The FCA provides for a reduction in the amount of the damages, down to double damages, if the violator made a voluntary disclosure to the government within 30 days and cooperated with the government in any ensuing investigation.[13] Under formal guidance issued by the DOJ in 2019, maximum cooperation credit in FCA cases may be earned by timely self-disclosure of misconduct unknown to the government, including the identification of individuals substantially involved in or responsible for the misconduct; cooperating fully with the government’s investigation; and undertaking remedial measures designed to prevent and detect similar wrongdoing in the future.
There are no hard and fast rules governing the measure of damages.

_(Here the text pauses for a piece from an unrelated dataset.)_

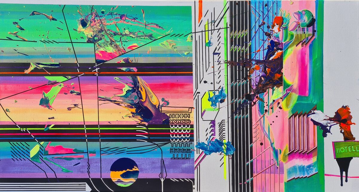 Are you looking for original pop of color painting to brighten up your space? This vaporwave and glitch art-inspired artwork with intriguing perspective, dynamic composition, and eye-catching details will inspire you! The color palette is very bright and optimistic, used neon paints give a tropical vibe. This architecture art is an exceptional decor for modern interiors. Used neon paints are glowing luminescent colors and glow under blue led lights.

But most courts have found that the statute is intended to afford the government a complete recovery and to make the government “completely whole.” These courts have therefore used broad measures of damages to ensure the government recovers any losses associated with false claims. However, the courts generally agree that the government cannot recover so-called “consequential damages” that do not directly result from the submission of false claims (such as repair or replacement costs).
The penalties assessed under the FCA can also be very significant in some cases. In situations where a company is submitting multiple claims for payment, the penalties can reach astronomical amounts. In healthcare cases in particular, a hospital or doctor may submit hundreds or thousands of claims every day. Even if the out-of-pocket losses to the government are small, the penalties add up quickly at up to $27,018 for each claim. In sum, the combination of treble damages and penalties means that potential monetary exposure under the FCA is extremely high.